BEGIN ENTRIES SHOWN

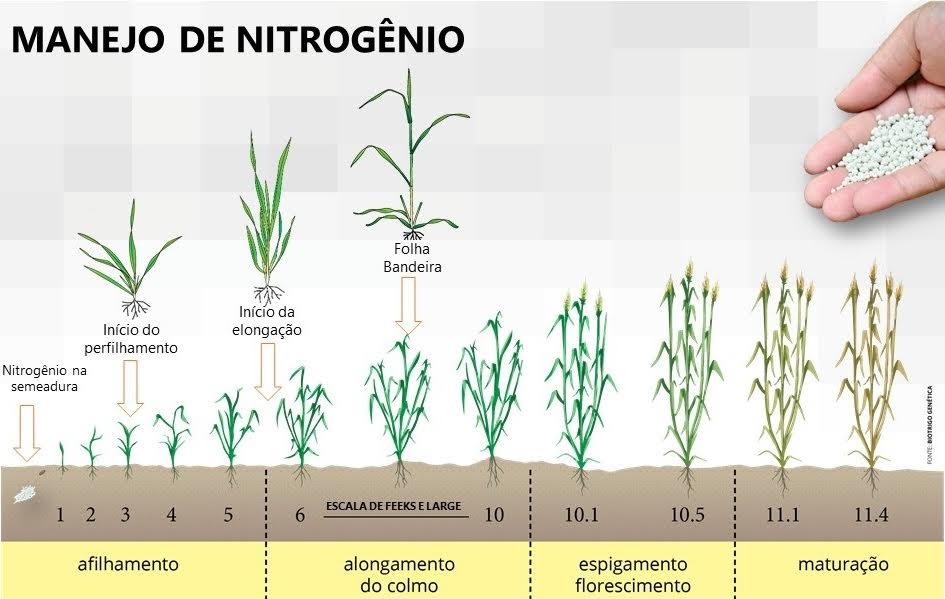 Fases em que o trigo responde a adubação nitrogenada na produtividade - Imagem: Biotrigo
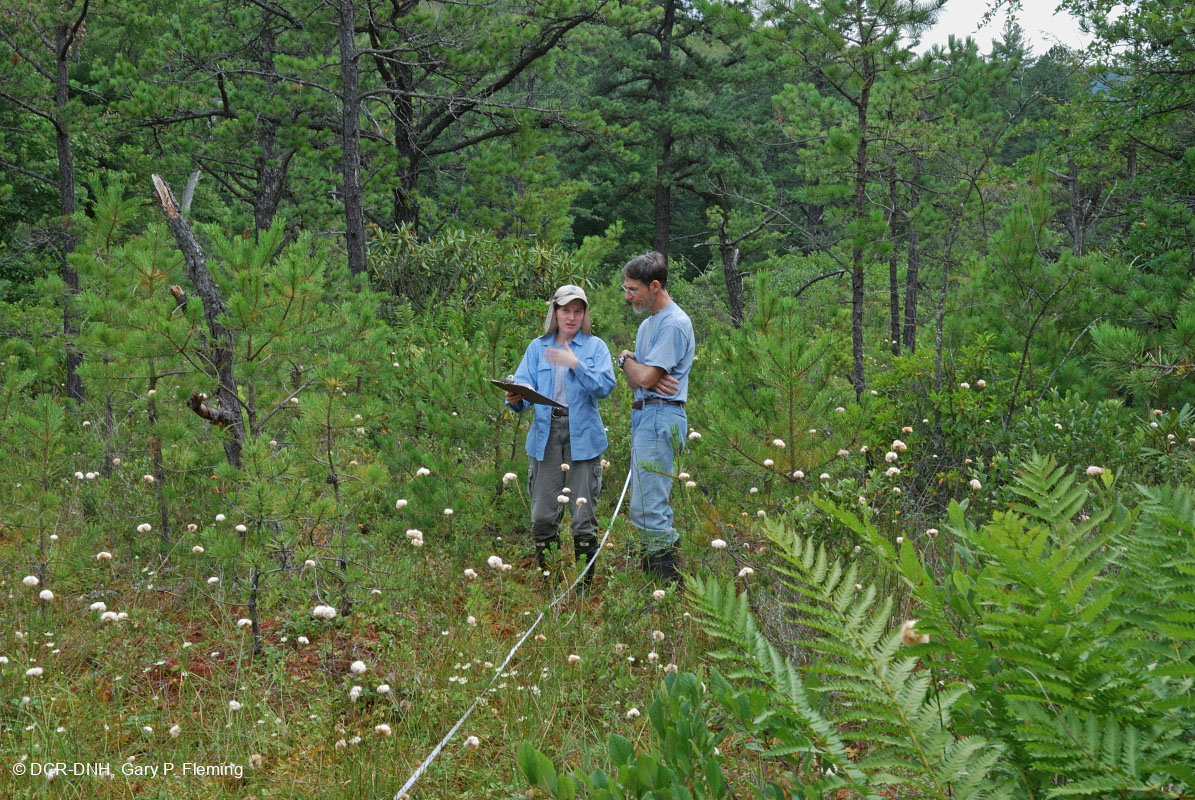 تجمع عالمة البيئة في DCR-DNH كارين باترسون وعالم النباتات في جامعة فرجينيا للتكنولوجيا توم ويبولت بيانات قطعة الأرض من مستنقع الصنوبر على طول نورث فورك ستوني كريك في مقاطعة جايلز. منطقة حراس التقسيم الشرقي، غابات جورج واشنطن & جيفرسون الوطنية. © DCR-DNH، غاري ب. فليمنج
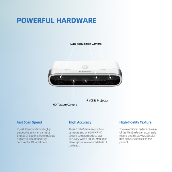 - High-fidelity Texutre — The exceptional texture camera of the MetiSmile can accurately record and display facial color that appears realistic to the patient.
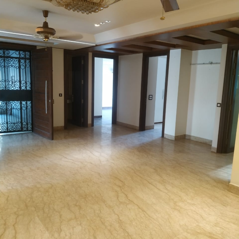 Saket 300 yds second floor apartment four beds attached washroom drawing dining lounge kitchen etc stilt parking well maintained property suits reputed Indian companies foreign missions etc
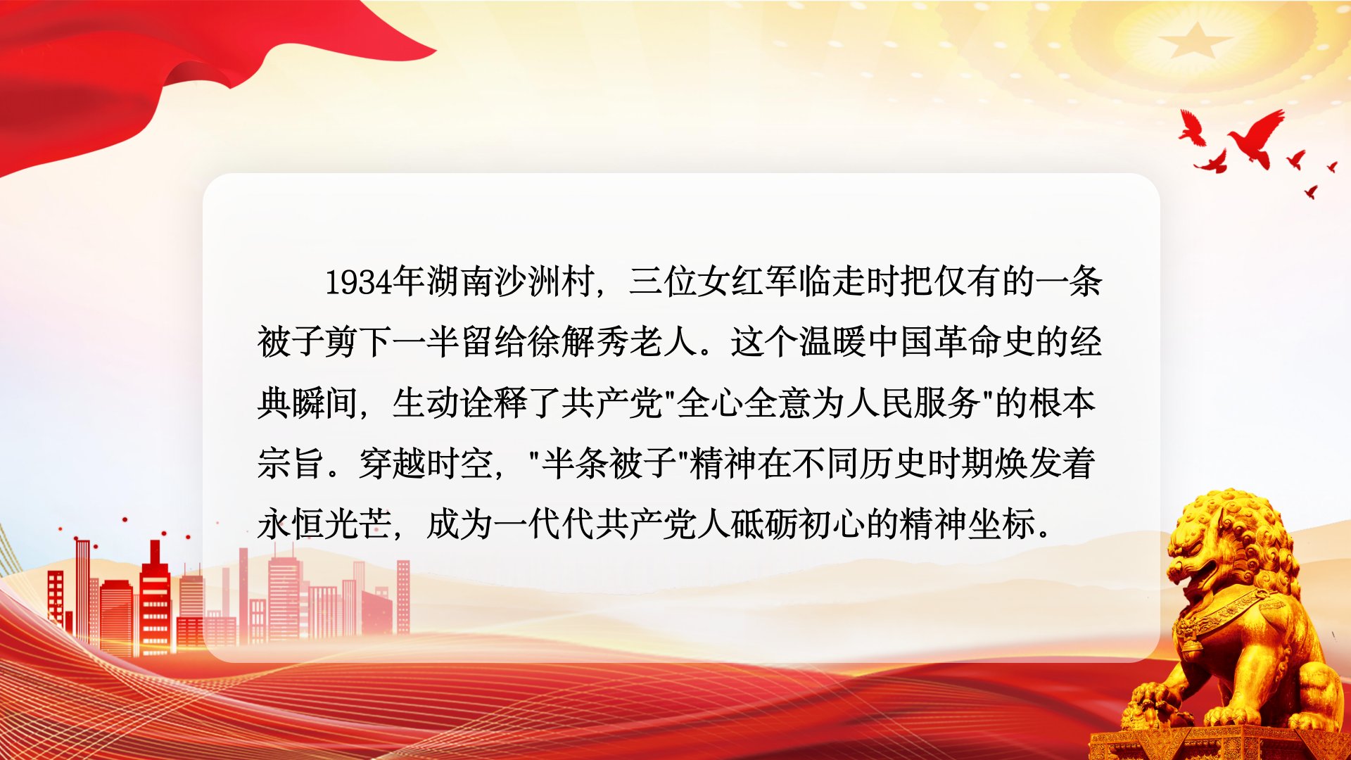标题:微党课PPT课件:从“半条被子”看百年初心之路
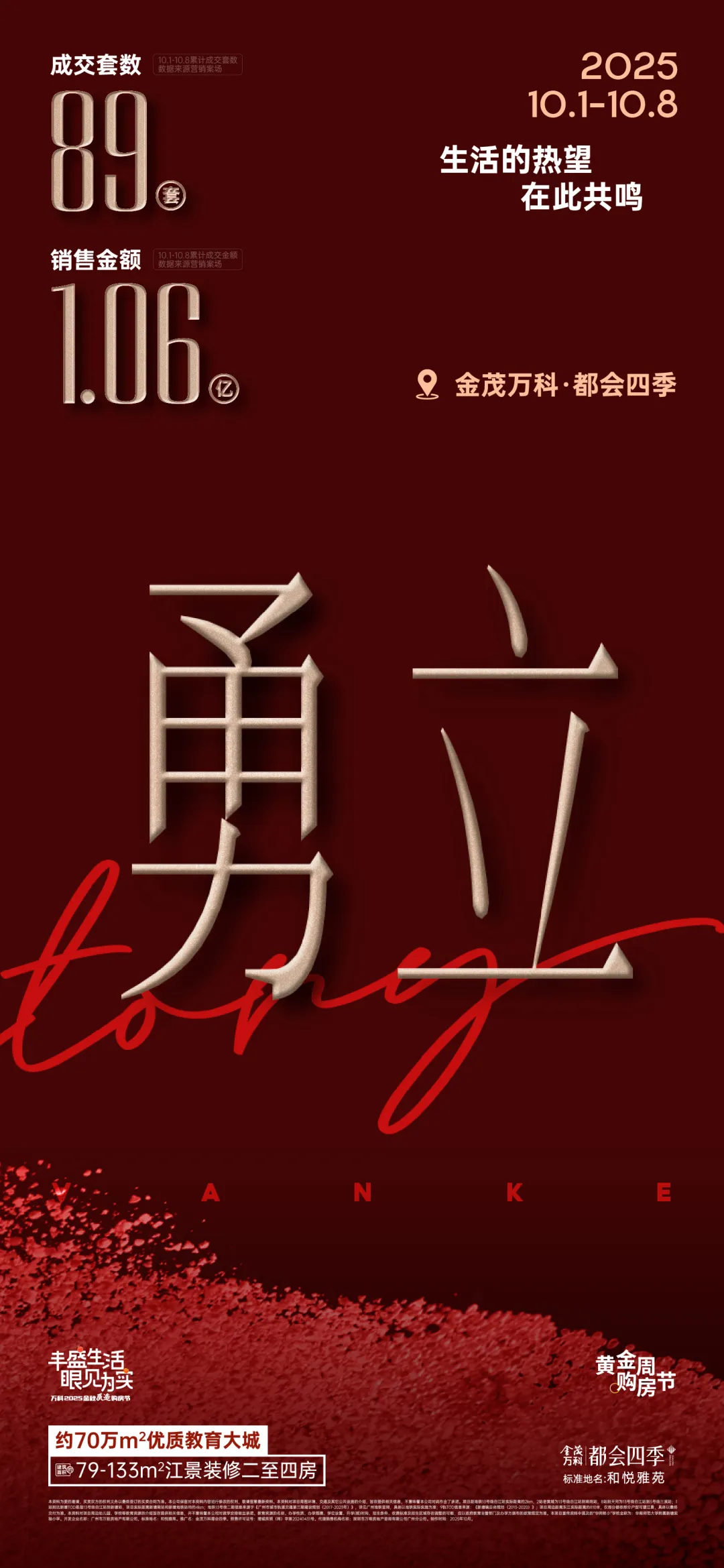 国庆期间,万科·理想花地+瑧樾府项目共计到访1206人,总成交70套,总销售额4.97亿元。
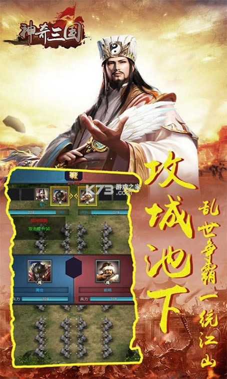 这是一款以三国历史为背景的策略手游,玩家可以在游戏中升级自己的城池,收集三国名将,通过挑战经典三国战役和野外流寇来提升部队战力。玩家将分属不同的国家,对城池展开争夺,获胜者可以扩展本国版图,最终攻占皇城洛阳,统一天下。
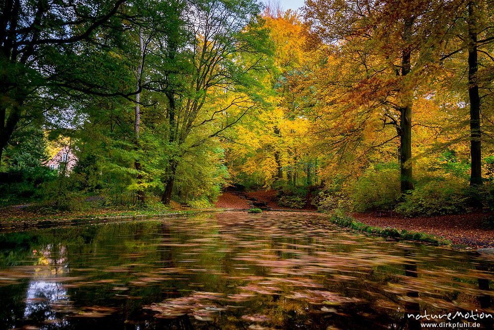 Teich mit Herbstlaub, Bäume in Herbstfärbung, Blätter treiben auf Wasseroberfläche, lange Belichtungszeit, Schillerwiesen, Göttingen, Deutschland
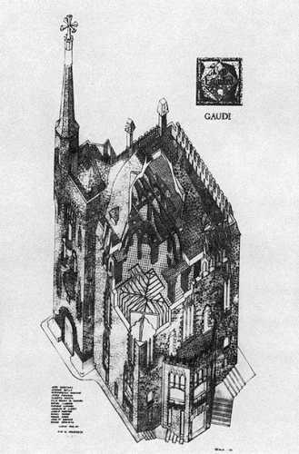 Особенного внимания в конструкции Бельесгуарда заслуживает спроектированная Гауди сложная система переходов, пронизывающих кровлю. Ее обвивает проходящая по спирали лестница, ведущая с крыши на самую высокую точку чердака, увенчанную небольшой террасой и огражденной высокими железными зубцами, сквозь которые открывается чудесный вид на горы и Барселону.

END ENTRIES SHOWN

_INSTRUCTIONS FOR THE TASK:_ Pictures are to be left out while the lines from the beginning of the records through the line with "تجمع عالمة البيئة" are copied word for word.

_ANSWER TO THIS TASK:_
 Fases em que o trigo responde a adubação nitrogenada na produtividade - Imagem: Biotrigo
 تجمع عالمة البيئة في DCR-DNH كارين باترسون وعالم النباتات في جامعة فرجينيا للتكنولوجيا توم ويبولت بيانات قطعة الأرض من مستنقع الصنوبر على طول نورث فورك ستوني كريك في مقاطعة جايلز. منطقة حراس التقسيم الشرقي، غابات جورج واشنطن & جيفرسون الوطنية. © DCR-DNH، غاري ب. فليمنج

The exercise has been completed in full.